#### INPUT DATA:

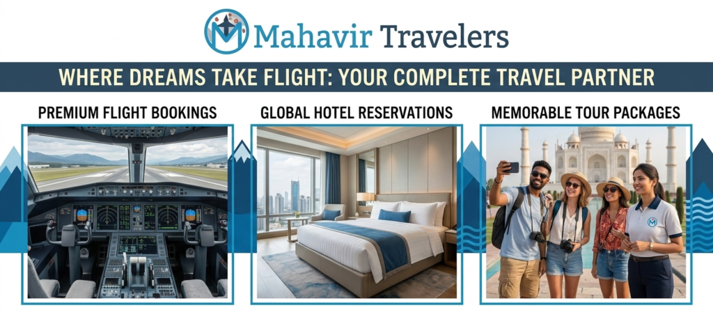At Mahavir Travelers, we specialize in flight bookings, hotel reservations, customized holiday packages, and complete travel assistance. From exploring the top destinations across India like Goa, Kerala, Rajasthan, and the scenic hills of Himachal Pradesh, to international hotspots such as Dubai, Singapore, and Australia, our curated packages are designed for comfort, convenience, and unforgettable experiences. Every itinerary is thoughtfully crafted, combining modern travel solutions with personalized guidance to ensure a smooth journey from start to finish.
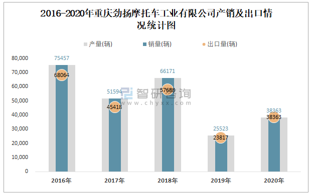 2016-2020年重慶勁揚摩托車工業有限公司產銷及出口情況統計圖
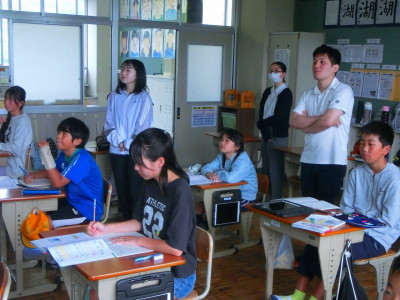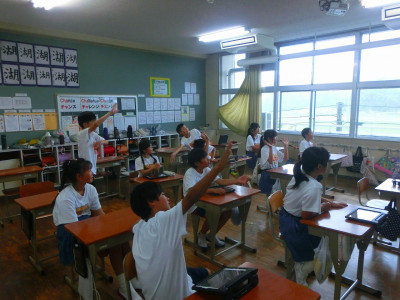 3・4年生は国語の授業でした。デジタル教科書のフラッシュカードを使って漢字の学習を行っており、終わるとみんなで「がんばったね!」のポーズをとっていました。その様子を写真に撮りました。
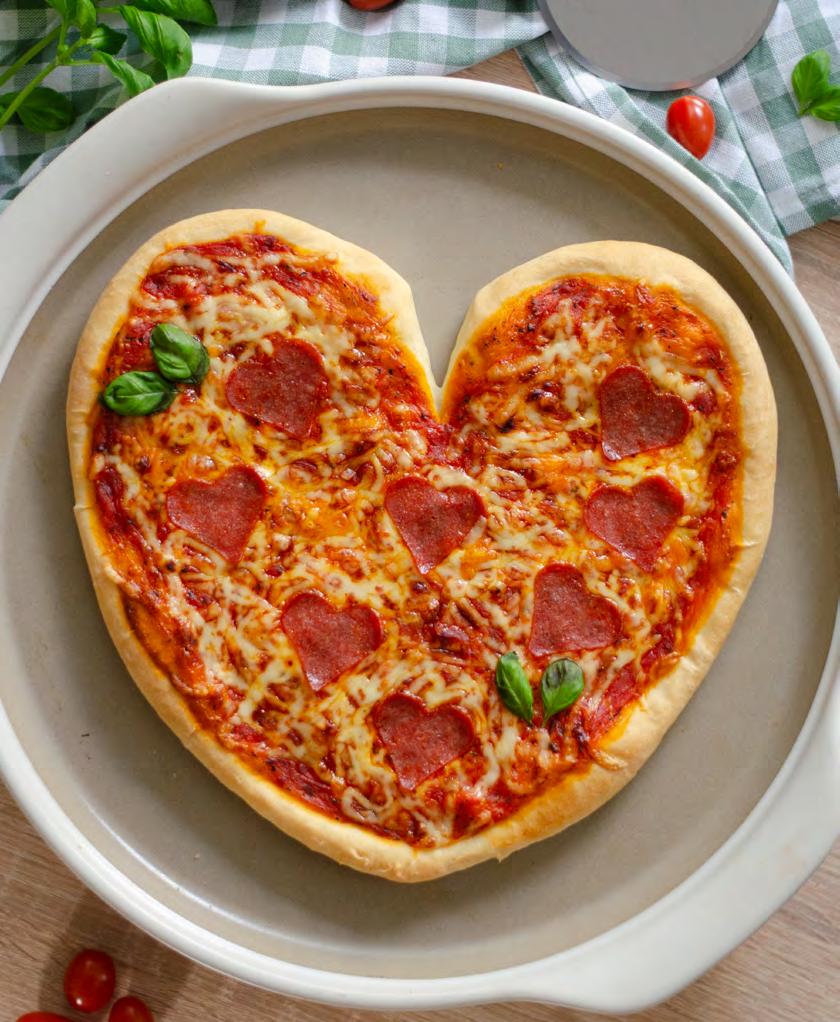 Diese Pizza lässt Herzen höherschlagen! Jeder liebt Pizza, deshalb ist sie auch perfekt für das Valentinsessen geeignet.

#### WORK ITEM:
Set down exactly, line for line, the data from the line that contains "3・4年生は国語の授業でした" through its last line, keeping pictures out.

#### EXERCISE RESPONSE:
 3・4年生は国語の授業でした。デジタル教科書のフラッシュカードを使って漢字の学習を行っており、終わるとみんなで「がんばったね!」のポーズをとっていました。その様子を写真に撮りました。
 Diese Pizza lässt Herzen höherschlagen! Jeder liebt Pizza, deshalb ist sie auch perfekt für das Valentinsessen geeignet.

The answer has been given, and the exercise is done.